** Opening Records provided block **
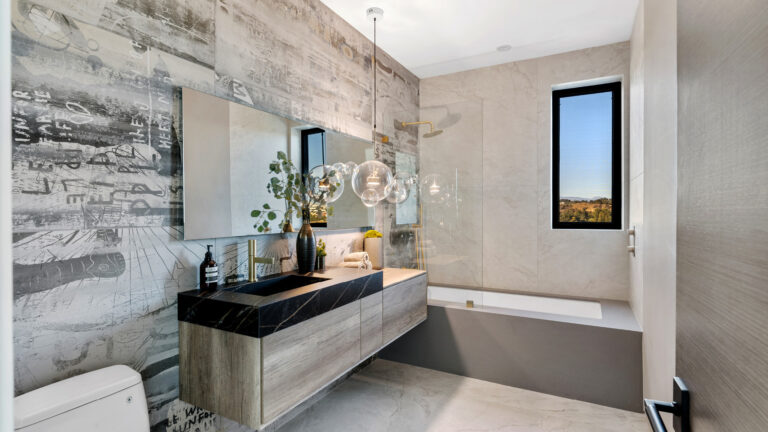 Nero Greco proposes the refinement of an ancient and noble material, marble, even for the top of one of the residence’s enchanting bathrooms. The fullness of the dark colour, enhanced by the delicate light veins, hides an unprecedented desire to impress with the timeless seduction evoked by this timeless material.
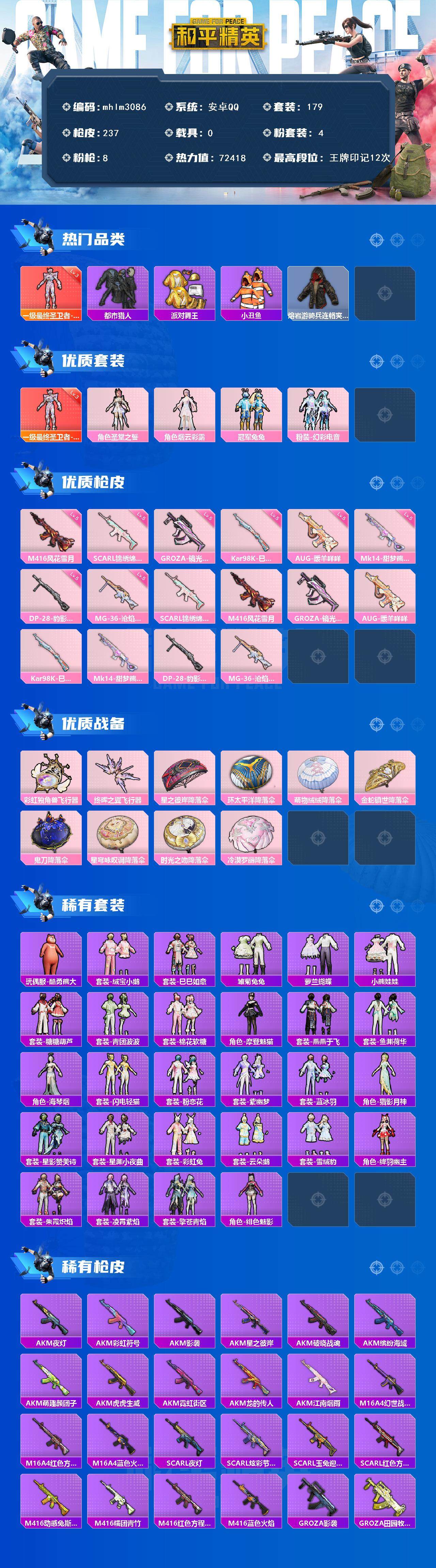 【mhlm3086】安卓 手Q-1神装-4粉装-8特效枪-0载具-2粉色飞行器-72418热力值-12王牌印记-179套装-237枪皮
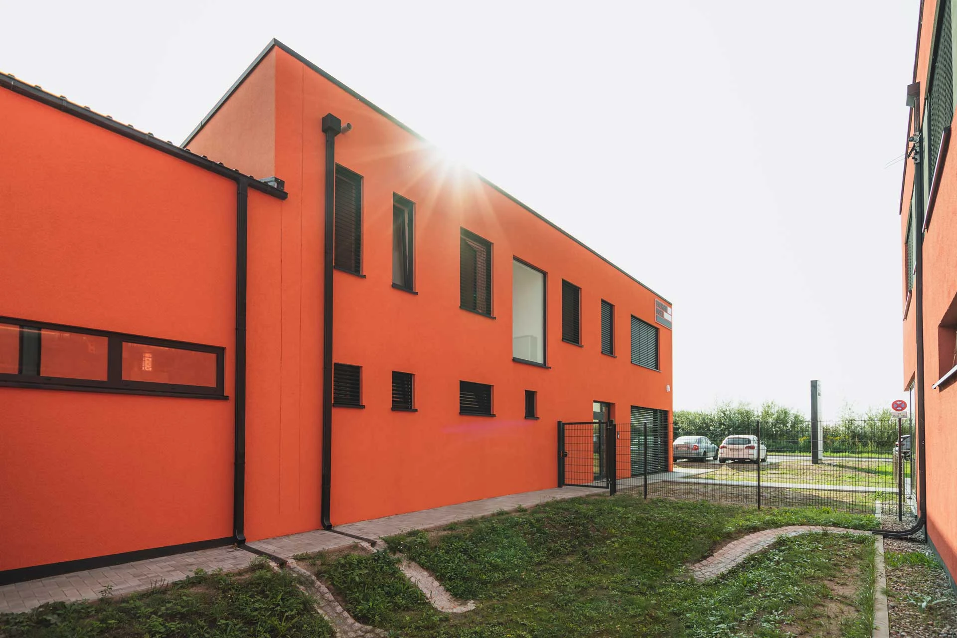 Die Kombination aus Bürogebäude und angrenzender Lagerhalle war gut gewählt. Direkt neben dem ersten Bürogebäude wurde ein Neubau errichtet, der optisch dem ersten sehr ähnelt. So entstand auf 975 m² eine perfekte Arbeitsumgebung mit viel Raum, um kreative und nachhaltige Lösungen für unsere Umwelt zu entwickeln. Die Geschossfläche wird unterteilt in ein Drittel Bürofläche und zwei Drittel Hallenfläche. Eine gute Herausforderung für uns, denn wir durften auch die Halle in Holzbauweise ausführen. Das Tragwerk der 40 m langen Halle wird dabei durch neun Leimholzbinder ausgebildet. Die Fassadenfarbe entspricht der Markenfarbe der Energieinsel GmbH und setzt somit ein optisches Highlight. Zwei nahezu einheitliche zweigeschossige Flachbauten besitzen zur Straße orientierte Fensterfronten im Erdgeschoss mit Empfangs- und Ausstellungsbereichen, in denen Kunden und Partner begrüßt werden. Die Büros in dem Gebäude sind entlang eines zentralen Erschließungsflurs angeordnet.
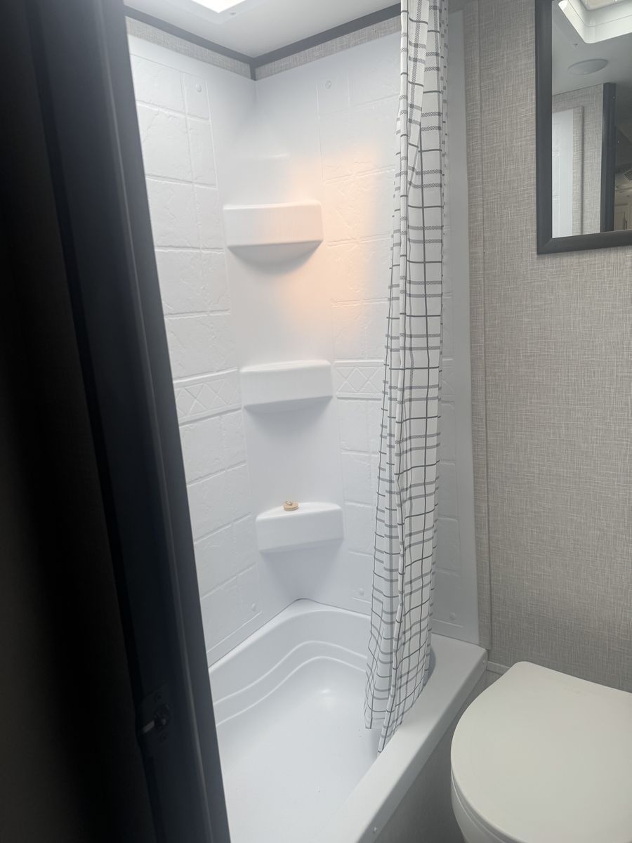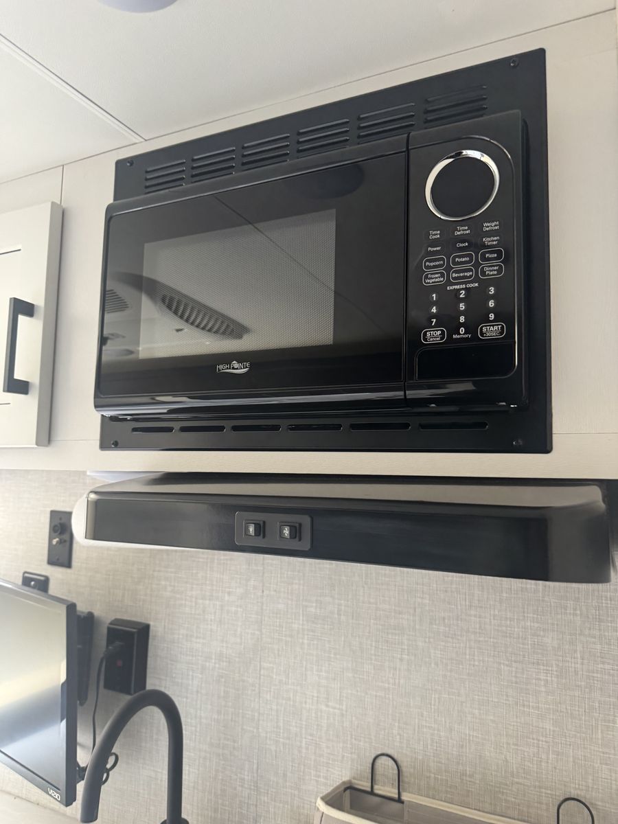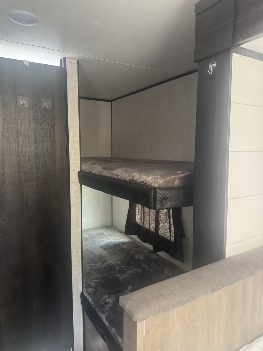 Also includes: Center living room, convertible table to bed, 2 burner stove, patio awning, booth dinette, microwave, oven, tv, front bed queen, rear bath/shower
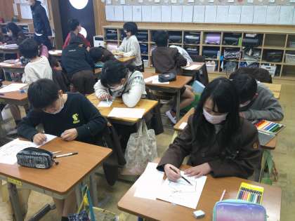 絵馬のイラストが描いてある紙に目標をしっかり書いて、色えんぴつで色を塗っていきます。みんなていねいな字でじっくり書きあげていました。
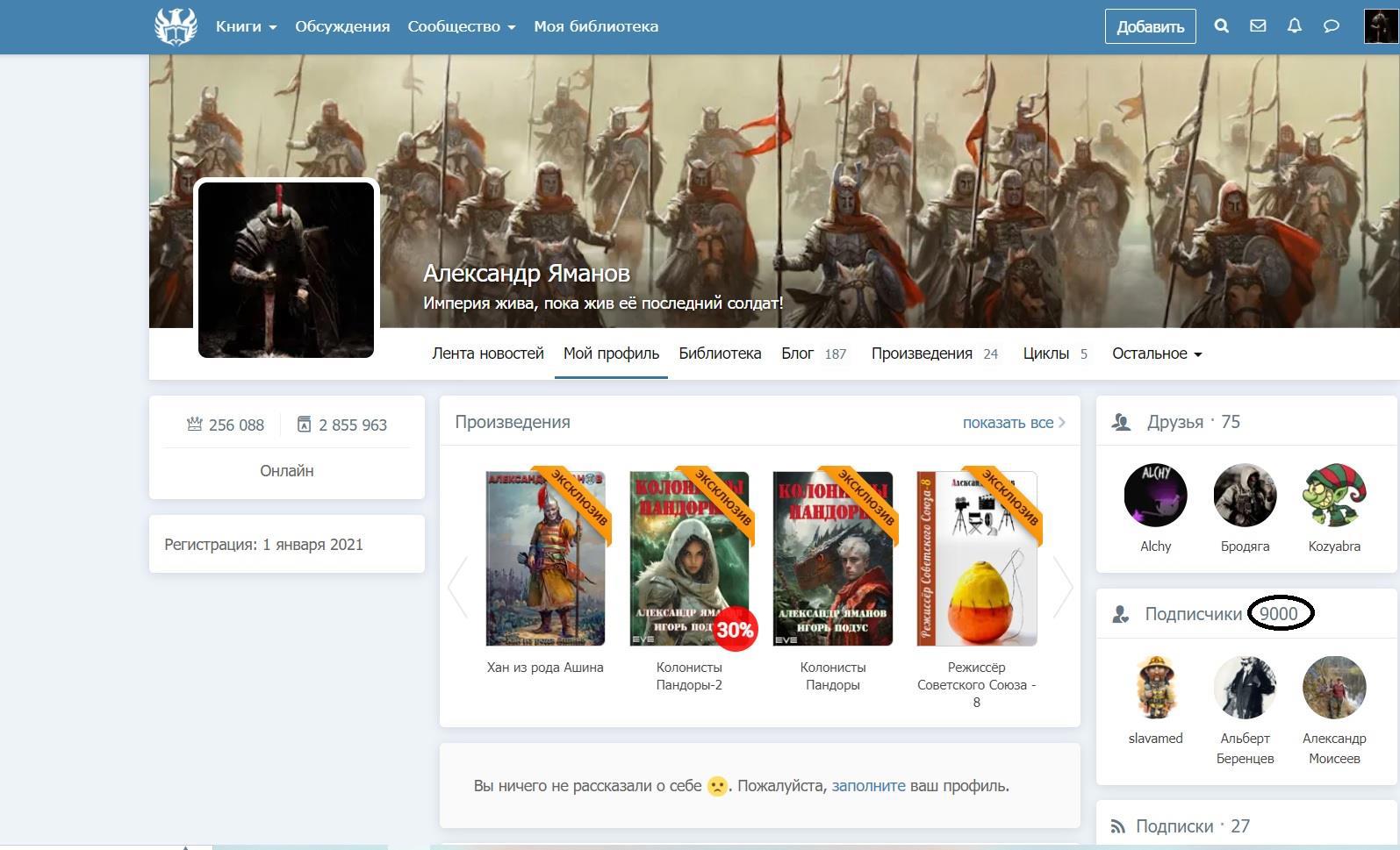 Автор: Александр ЯмановВсем привет. У меня событие - количество подписчиков уже 9000! Может, глупо радоваться подобному, типа хвастаюсь. Но это не так. Любой вменяемый автор понимает, что читатели - это его основное богатство. Поэтому хочу поблагодарить всех, кто читает мою графомань.) Обещаю вести себя хорошо (насколько это возможно) и радовать вас далее.
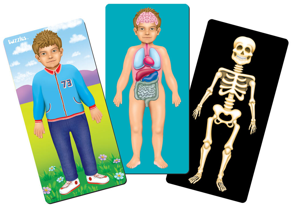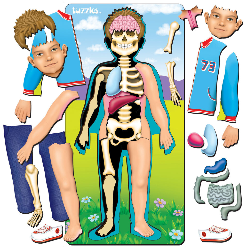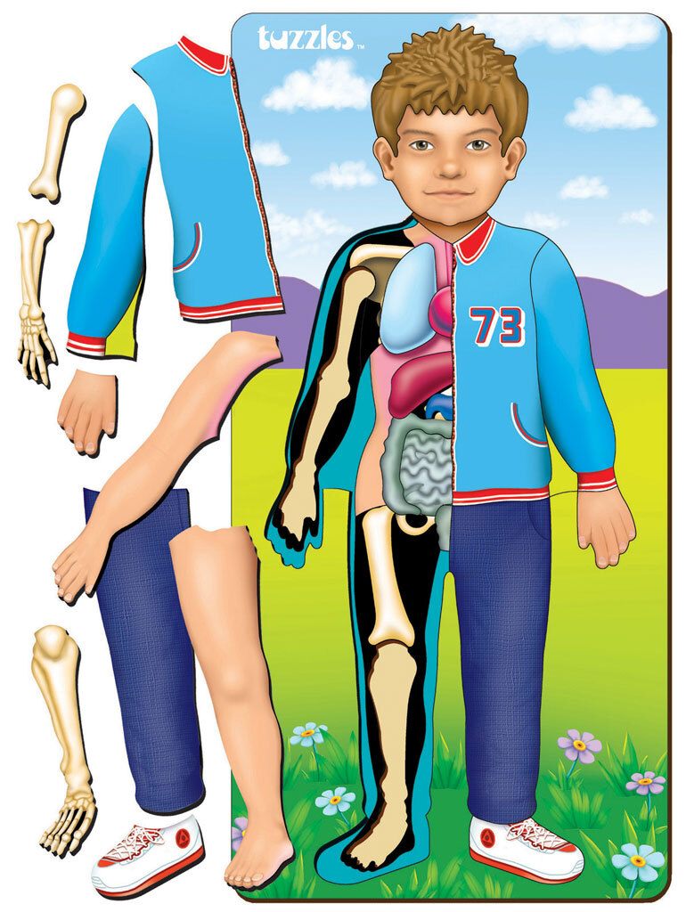 This puzzle has 3 layers, Skeleton, Organs & Clothes. Each layer is a puzzle, all the pieces of the skeleton need to be assembled, then the organs and the brain and last of all the clothes. This puzzle has been designed to teach children about the human body. This is not a puzzle of a girl or a boy but it is the depiction of a Human.
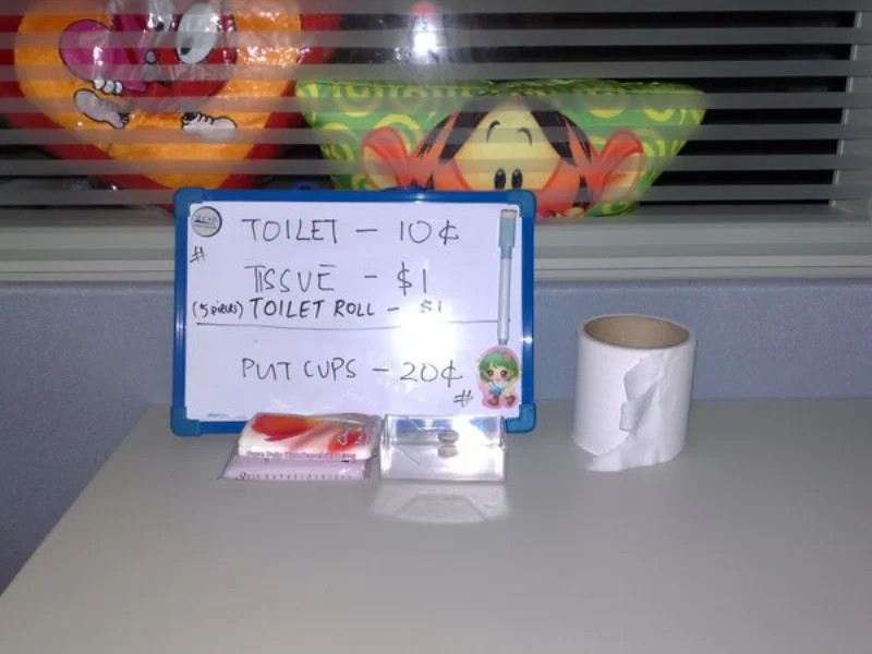 依倫很喜歡拿他的小白板搞怪,像是上圖這個衛生紙服務
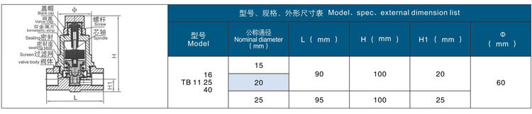是由雙金屬片感溫元件帶動(dòng)閥心進(jìn)行開關(guān)閥門。當(dāng)裝置剛起動(dòng)時(shí),管道出現(xiàn)低溫冷凝水,雙金屬片是平展的,閥芯在彈簧的彈力下處于開啟位置。當(dāng)冷凝水溫度漸漸升高,雙金屬片感溫元件開始彎曲變形,并把閥心推向關(guān)閉位置。在冷凝水達(dá)到飽和溫度之前,疏水閥完全關(guān)閉。閥前始終存有高溫凝結(jié)水,無蒸汽泄漏,節(jié)能效果。
** Closing Records provided block **
Aim of the task:
The lines from the one holding "依倫很喜歡拿他的小白板搞怪,像是上圖這個衛生紙服務" to the final line of the entries are to be duplicated exactly, and the pictures are to be left out.

Written solution:
 依倫很喜歡拿他的小白板搞怪,像是上圖這個衛生紙服務
是由雙金屬片感溫元件帶動(dòng)閥心進(jìn)行開關(guān)閥門。當(dāng)裝置剛起動(dòng)時(shí),管道出現(xiàn)低溫冷凝水,雙金屬片是平展的,閥芯在彈簧的彈力下處于開啟位置。當(dāng)冷凝水溫度漸漸升高,雙金屬片感溫元件開始彎曲變形,并把閥心推向關(guān)閉位置。在冷凝水達(dá)到飽和溫度之前,疏水閥完全關(guān)閉。閥前始終存有高溫凝結(jié)水,無蒸汽泄漏,節(jié)能效果。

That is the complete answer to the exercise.